Apa yang Akan Dilakukan Israel Jika Gaza Jatuh-Hamas Musnah?
Jakarta, CNBC Indonesia - Israel masih terus melancarkan serangan ke wilayah kantong Palestina, Gaza. Dari laporan sejumlah media internasional, Kamis (9/11/2023), Negeri Yahudi itu sudah memasuki "jantung kota" di Gaza dan menghancurkan ratusan terowongan bawah tanah (bunker) para pejuang Hamas.
Sejumlah gambar memperlihatkan bagaimana tank-tank tempur Israel melakukan operasi di reruntuhan Gaza. Israel mengklaim telah menghancurkan 130 terowongan Hamas di Gaza.
Di sisi lain, bombardir Israel ke Gaza masih terus berlanjut. Dari data Kementerian Kesehatan Gaza, 10.569 orang telah tewas di wilayah itu.
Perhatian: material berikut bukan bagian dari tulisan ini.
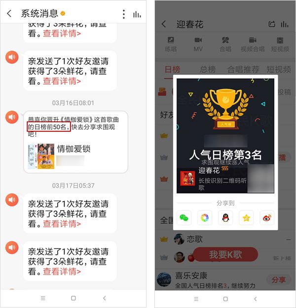 我开始 K 歌之旅了!大家快来找我约唱呀~(前 10 位发起约唱的还有 5 朵鲜花奖励)
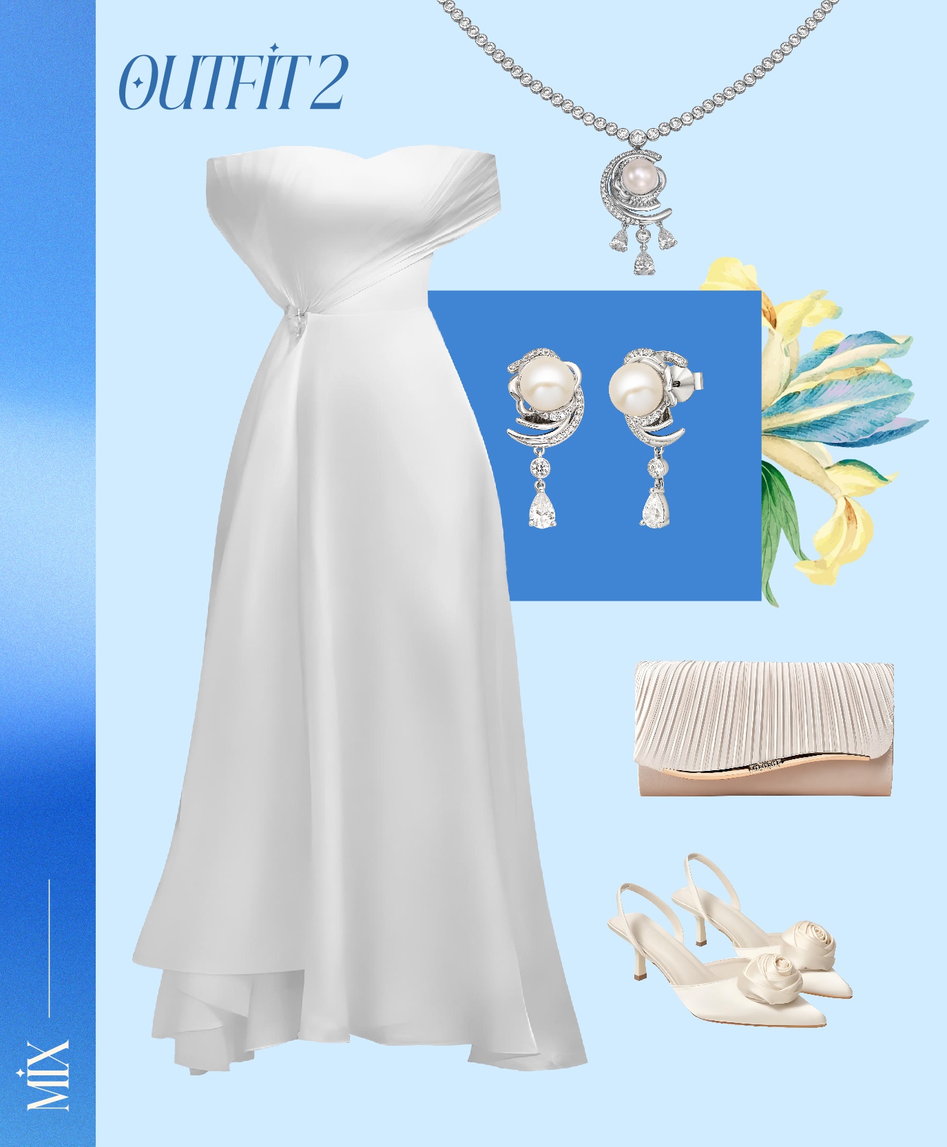 Mẫu váy lụa trắng được gợi ý toát lên vẻ đẹp trang nhã và nữ tính với thân trên cúp ngực khéo léo khoe vùng xương quai xanh, thân váy dài cách điệu ở phần đuôi để mỗi bước di chuyển của nàng trong bữa tiệc đều uyển chuyển như đóa hoa rung rinh trong gió. Chi tiết voan off-shoulder nhẹ nhàng che các khuyết điểm của bắp tay và giúp tổng thể trang phục thêm phần thanh lịch.

Selain itu, 1,5 juta warga Gaza telah mengungsi sejak 7 Oktober. Kemarin beredar gambar bagaimana warga Gaza berbondong-bondong mengevakuasi diri dari wilayahnya di utara, dengan memegang bendera putih atas perintah Israel.
Perdana Menteri (PM) Israel Benjamin Netanyahu dalam pernyataan terbarunya Rabu tetap menegaskan tak akan ada gencatan senjata sampai semua sandera Israel dibebaskan. Lalu akan dijadikan apa Gaza oleh Israel, jika perang terus berlanjut?
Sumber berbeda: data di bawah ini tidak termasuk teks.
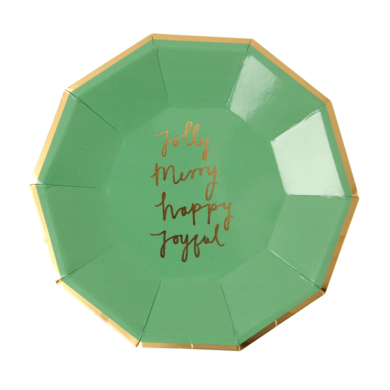 This set of small party plates will add color to your Christmas celebration. The plates come in 4 styles with Jolly, Merry, Happy, Joyful slogans. The plates are embellished with shiny gold foil and have a gold band edge.
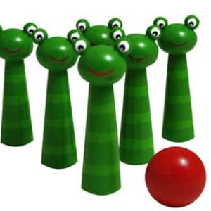 Six bright green frog pins and a little red ball will provide lots of challenging fun. Comes in a convenient net carrying bag. Line up the pins on a hard floor or tabletop. Then roll the ball, aiming at the front pin, to try and knock all the pins over. Move the ball further and further away to make the game more challenging. Keep score by the number of pins each person knocks over.

Berikut rangkuman CNBC Indonesia, dari berbagai sumber:
Kata Netanyahu
Pemerintah Netanyahu mengatakan aksinya di Gaza akan dilakukan hingga Hamas musnah. Menurutnya, Hamas telah menjadi ancaman terang-terangan bagi Israel dan warganya sejak kelompok itu menyerang wilayahnya pada 7 Oktober silam.
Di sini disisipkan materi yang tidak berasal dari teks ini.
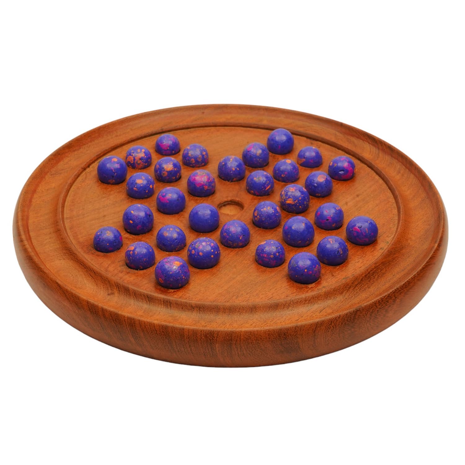 VARANASI WOODEN TOYS Wooden Solitaire Board Game in with Glass Marbles Brain-vita Unique Game 9" - Best Gift for Kids Teens & Adults Made in India (RH_Solitaire_9)

Jika hal itu telah terealisasi, Netanyahu mengatakan akan ada "pengembalian tanggung jawab keamanan di Gaza kepada pemerintah Israel". Ini terakhir kali terjadi pada 2006 lalu saat Israel menduduki wilayah kantong Palestina itu.
"Israel untuk waktu yang tidak terbatas akan memiliki keamanan secara keseluruhan secara bertanggung jawab karena kita telah melihat apa yang terjadi jika kita tidak memilikinya," kata orang nomor satu dalam pemerintahan Israel itu dikutip AFP.
Kata AS
Meski demikian, apa yang dikatakan Netanyahu ditola sekutu dekatnya Amerika Serikat (AS). Ini dikatakan Menteri Luar Negeri AS, Antony Blinken.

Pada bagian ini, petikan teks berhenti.